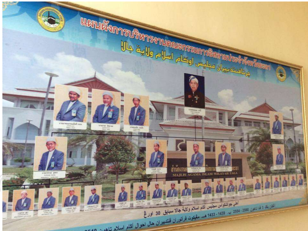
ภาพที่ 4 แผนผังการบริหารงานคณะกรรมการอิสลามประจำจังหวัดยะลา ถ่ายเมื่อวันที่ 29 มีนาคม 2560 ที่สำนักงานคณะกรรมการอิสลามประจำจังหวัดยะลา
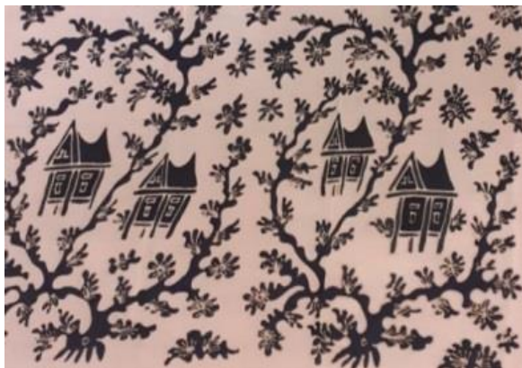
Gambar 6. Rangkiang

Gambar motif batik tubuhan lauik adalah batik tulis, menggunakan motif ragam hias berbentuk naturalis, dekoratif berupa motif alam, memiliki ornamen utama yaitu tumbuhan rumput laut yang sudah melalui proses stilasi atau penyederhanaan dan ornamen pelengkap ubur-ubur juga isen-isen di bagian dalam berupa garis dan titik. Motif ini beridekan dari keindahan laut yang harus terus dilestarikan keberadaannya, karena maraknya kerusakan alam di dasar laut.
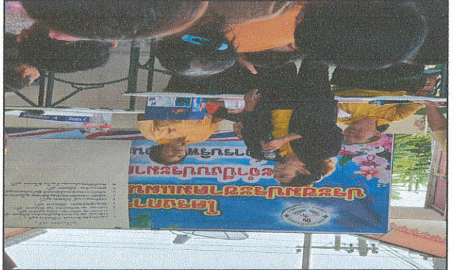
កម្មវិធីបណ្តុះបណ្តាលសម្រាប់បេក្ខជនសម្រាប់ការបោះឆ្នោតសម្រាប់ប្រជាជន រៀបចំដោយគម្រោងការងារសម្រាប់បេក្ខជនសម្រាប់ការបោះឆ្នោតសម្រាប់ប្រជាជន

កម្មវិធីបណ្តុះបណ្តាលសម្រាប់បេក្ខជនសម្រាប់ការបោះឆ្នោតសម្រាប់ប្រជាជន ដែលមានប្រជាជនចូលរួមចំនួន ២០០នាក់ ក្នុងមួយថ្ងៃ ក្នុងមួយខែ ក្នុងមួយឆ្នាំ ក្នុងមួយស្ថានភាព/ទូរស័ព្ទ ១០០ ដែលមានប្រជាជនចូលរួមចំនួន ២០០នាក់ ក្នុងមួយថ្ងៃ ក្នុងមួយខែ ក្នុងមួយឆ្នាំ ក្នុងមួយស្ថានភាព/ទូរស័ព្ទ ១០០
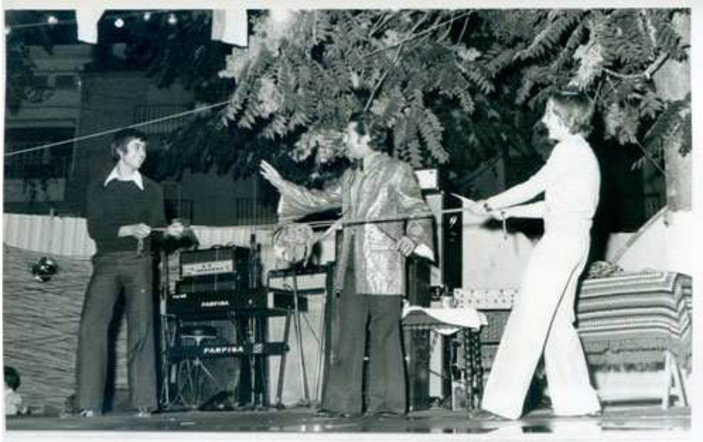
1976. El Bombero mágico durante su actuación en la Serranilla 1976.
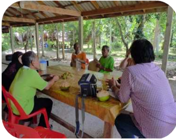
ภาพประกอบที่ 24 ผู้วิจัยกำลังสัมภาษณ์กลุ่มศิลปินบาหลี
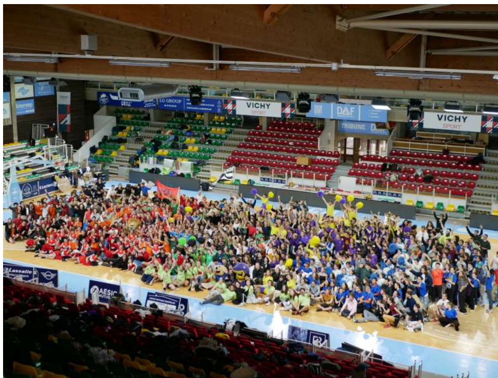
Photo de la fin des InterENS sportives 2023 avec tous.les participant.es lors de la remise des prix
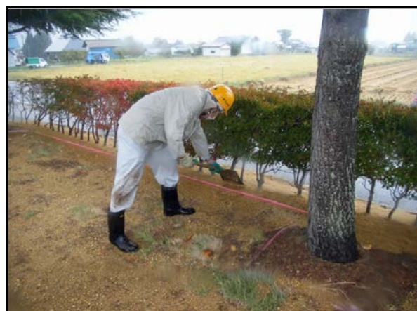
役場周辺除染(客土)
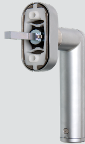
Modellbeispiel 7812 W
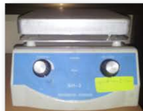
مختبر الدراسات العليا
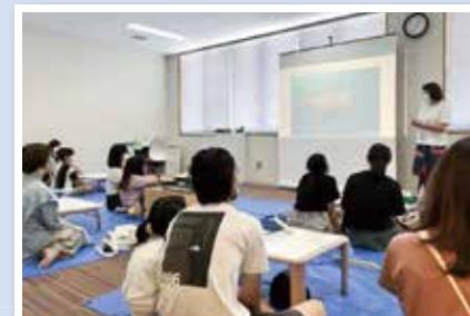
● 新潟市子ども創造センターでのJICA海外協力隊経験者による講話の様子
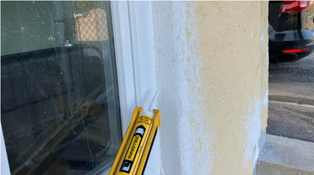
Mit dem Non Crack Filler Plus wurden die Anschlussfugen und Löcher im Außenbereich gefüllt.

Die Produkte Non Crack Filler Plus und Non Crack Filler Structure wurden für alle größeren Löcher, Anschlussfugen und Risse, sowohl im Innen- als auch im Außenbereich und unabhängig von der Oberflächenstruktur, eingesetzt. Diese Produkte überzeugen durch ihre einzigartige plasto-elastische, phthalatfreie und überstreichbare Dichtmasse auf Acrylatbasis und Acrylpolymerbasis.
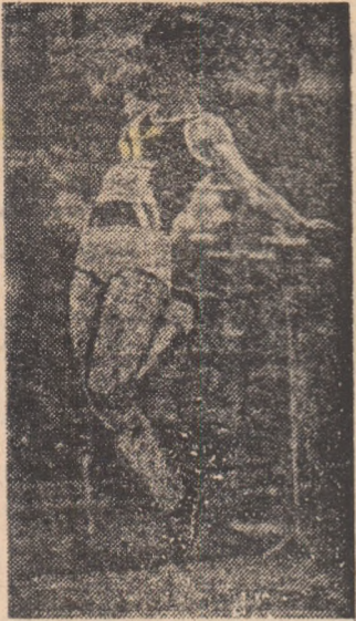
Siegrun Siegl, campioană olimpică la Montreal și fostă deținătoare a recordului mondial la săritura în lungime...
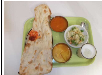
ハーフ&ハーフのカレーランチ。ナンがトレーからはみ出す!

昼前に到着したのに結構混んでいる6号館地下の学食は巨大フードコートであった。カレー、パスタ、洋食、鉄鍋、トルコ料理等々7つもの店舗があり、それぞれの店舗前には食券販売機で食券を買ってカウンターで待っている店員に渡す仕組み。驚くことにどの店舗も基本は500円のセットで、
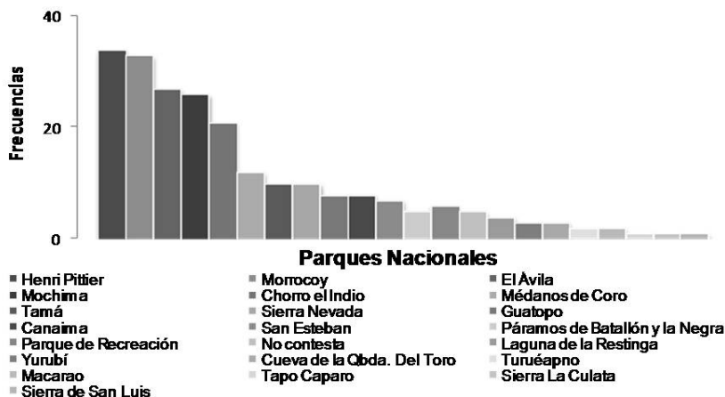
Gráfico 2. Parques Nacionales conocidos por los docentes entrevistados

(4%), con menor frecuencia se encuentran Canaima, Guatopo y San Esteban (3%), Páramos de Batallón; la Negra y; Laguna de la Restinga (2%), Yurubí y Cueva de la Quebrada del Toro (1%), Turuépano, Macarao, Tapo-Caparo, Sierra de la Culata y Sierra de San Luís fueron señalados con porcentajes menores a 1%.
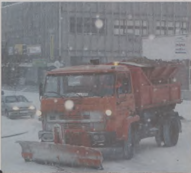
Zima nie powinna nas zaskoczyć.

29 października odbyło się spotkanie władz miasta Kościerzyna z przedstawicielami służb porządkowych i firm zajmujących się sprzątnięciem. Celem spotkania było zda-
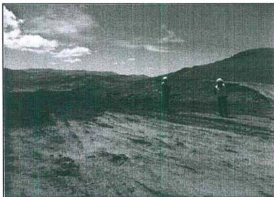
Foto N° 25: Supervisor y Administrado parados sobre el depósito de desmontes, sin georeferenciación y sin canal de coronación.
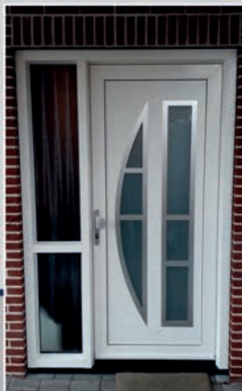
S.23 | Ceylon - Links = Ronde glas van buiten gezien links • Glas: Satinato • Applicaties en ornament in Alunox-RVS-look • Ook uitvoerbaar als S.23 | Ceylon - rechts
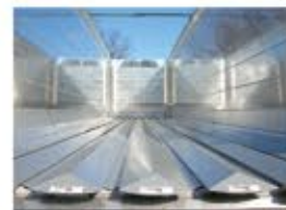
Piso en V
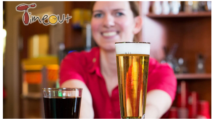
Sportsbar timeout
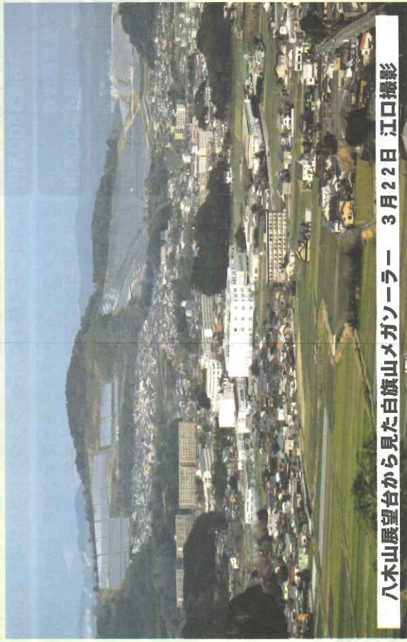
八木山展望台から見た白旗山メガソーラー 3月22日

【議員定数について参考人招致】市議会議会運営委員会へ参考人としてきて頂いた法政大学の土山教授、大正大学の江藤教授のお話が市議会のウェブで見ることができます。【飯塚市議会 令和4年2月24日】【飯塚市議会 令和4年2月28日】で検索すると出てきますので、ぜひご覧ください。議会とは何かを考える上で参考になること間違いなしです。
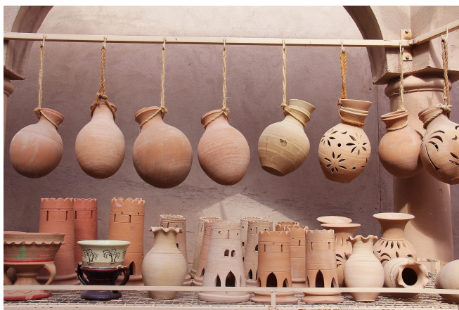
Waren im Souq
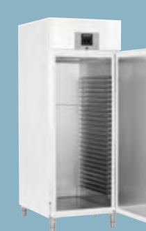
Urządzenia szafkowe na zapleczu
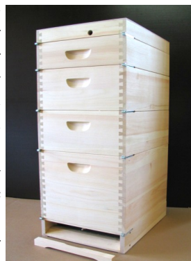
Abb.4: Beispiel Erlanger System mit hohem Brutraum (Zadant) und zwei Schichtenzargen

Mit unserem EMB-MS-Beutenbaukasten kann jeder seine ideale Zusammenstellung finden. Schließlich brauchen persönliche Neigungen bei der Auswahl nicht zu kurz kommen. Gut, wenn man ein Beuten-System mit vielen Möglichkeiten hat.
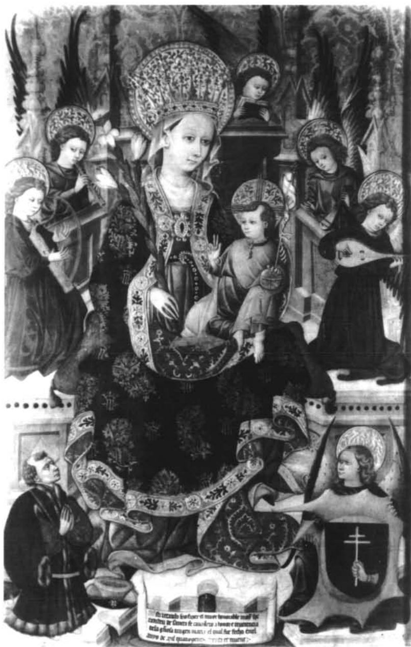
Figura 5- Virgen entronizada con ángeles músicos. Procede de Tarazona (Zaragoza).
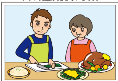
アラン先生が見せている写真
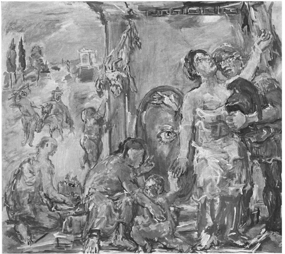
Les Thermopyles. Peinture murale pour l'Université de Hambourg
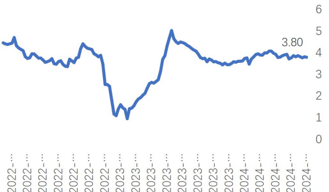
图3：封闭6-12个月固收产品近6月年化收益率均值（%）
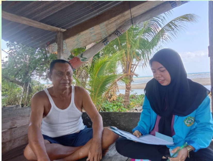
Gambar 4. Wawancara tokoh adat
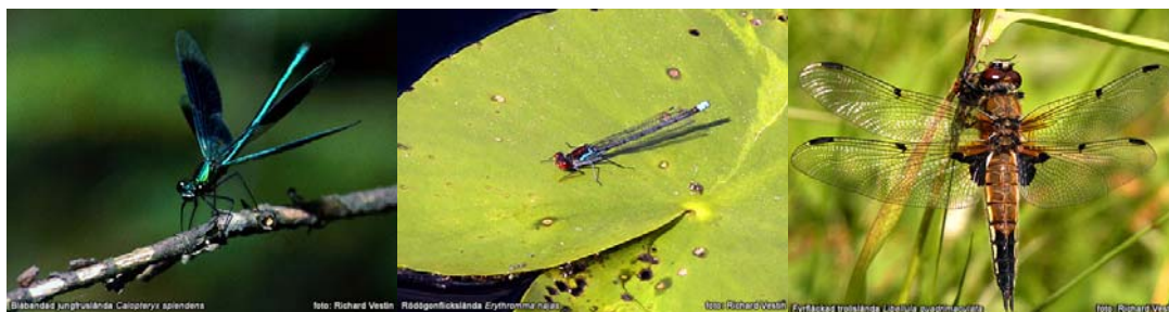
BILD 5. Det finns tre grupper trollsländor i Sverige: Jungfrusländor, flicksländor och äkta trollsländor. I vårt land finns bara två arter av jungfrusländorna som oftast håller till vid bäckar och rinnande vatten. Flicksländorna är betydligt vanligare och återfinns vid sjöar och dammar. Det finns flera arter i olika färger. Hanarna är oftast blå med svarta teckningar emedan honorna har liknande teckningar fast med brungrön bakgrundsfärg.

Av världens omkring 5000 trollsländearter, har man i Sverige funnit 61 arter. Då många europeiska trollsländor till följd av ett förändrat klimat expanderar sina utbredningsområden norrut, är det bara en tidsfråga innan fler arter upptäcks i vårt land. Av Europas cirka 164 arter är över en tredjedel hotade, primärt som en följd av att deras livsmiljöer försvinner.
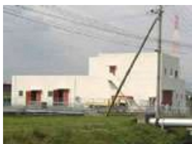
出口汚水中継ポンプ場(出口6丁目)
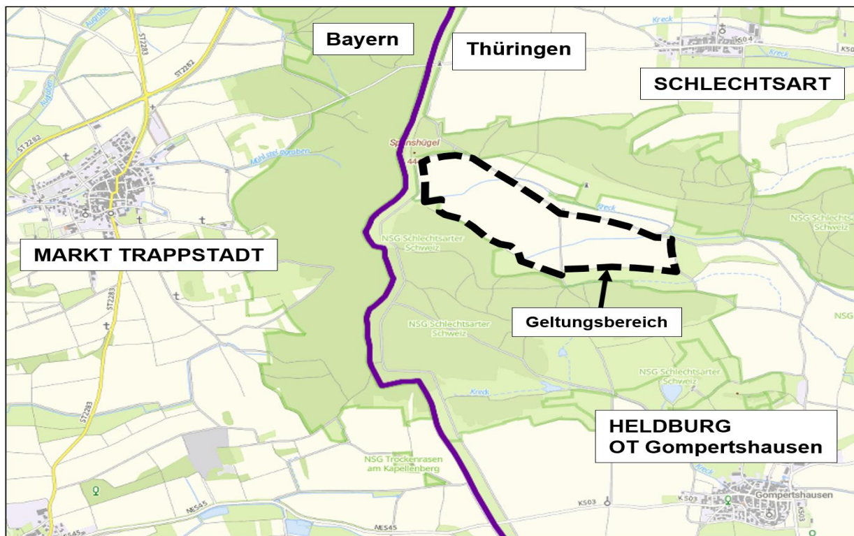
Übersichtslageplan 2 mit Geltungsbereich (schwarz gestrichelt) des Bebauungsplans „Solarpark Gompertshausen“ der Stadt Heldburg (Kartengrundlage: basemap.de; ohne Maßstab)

· · · ·

WORK TO BE COMPLETED: In the listing above, find the line containing "Abb.4: Beispiel Erlanger" and the line containing "BILD 5. Det", then output those two lines and everything between them exactly as written, without the images.

SOLUTION TO THIS EXERCISE:
Abb.4: Beispiel Erlanger System mit hohem Brutraum (Zadant) und zwei Schichtenzargen

Mit unserem EMB-MS-Beutenbaukasten kann jeder seine ideale Zusammenstellung finden. Schließlich brauchen persönliche Neigungen bei der Auswahl nicht zu kurz kommen. Gut, wenn man ein Beuten-System mit vielen Möglichkeiten hat.
Figura 5- Virgen entronizada con ángeles músicos. Procede de Tarazona (Zaragoza).
アラン先生が見せている写真
Les Thermopyles. Peinture murale pour l'Université de Hambourg
图3：封闭6-12个月固收产品近6月年化收益率均值（%）
Gambar 4. Wawancara tokoh adat
BILD 5. Det finns tre grupper trollsländor i Sverige: Jungfrusländor, flicksländor och äkta trollsländor. I vårt land finns bara två arter av jungfrusländorna som oftast håller till vid bäckar och rinnande vatten. Flicksländorna är betydligt vanligare och återfinns vid sjöar och dammar. Det finns flera arter i olika färger. Hanarna är oftast blå med svarta teckningar emedan honorna har liknande teckningar fast med brungrön bakgrundsfärg.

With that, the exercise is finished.